— SOURCE MATERIAL —
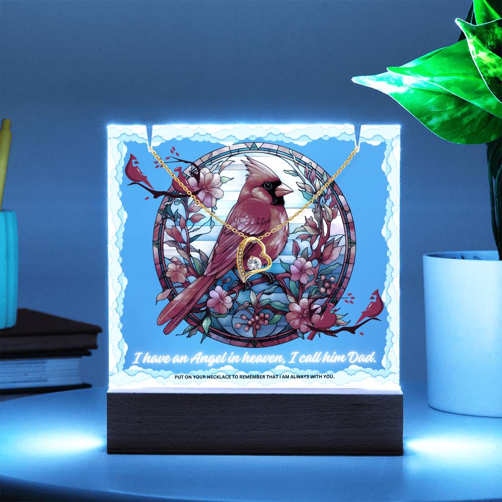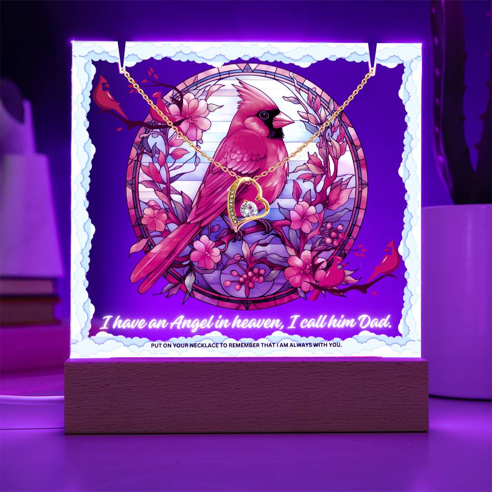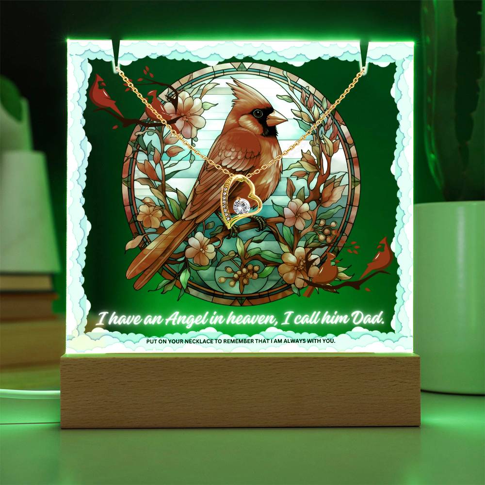 JGF Jewelry Gifts For Family Cardinal Red Birds Sympathy Acrylic Sign I Call Him Dad Heart Necklace
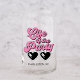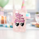 Cute can glass for the bride's bachelorette party guests featuring "Life of the Party'" in a pink retro script and fun heart-shaped pink sunglasses. Personalise with the party location or the name of the guest in simple typography. A set of 4 can glasses that includes a "Wife of the Party" glass for the bride is available (message us for the link).
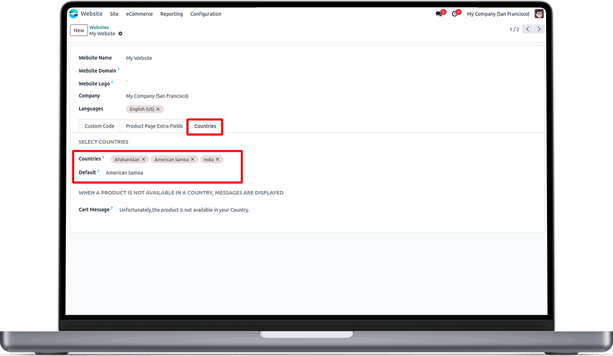 Set Countries in the backend.

— INSTRUCTIONS FOR THE TASK —
Copy every line above word for word and exclude the pictures.

— OUTPUT OF THE TASK —
 JGF Jewelry Gifts For Family Cardinal Red Birds Sympathy Acrylic Sign I Call Him Dad Heart Necklace
 Cute can glass for the bride's bachelorette party guests featuring "Life of the Party'" in a pink retro script and fun heart-shaped pink sunglasses. Personalise with the party location or the name of the guest in simple typography. A set of 4 can glasses that includes a "Wife of the Party" glass for the bride is available (message us for the link).
 Set Countries in the backend.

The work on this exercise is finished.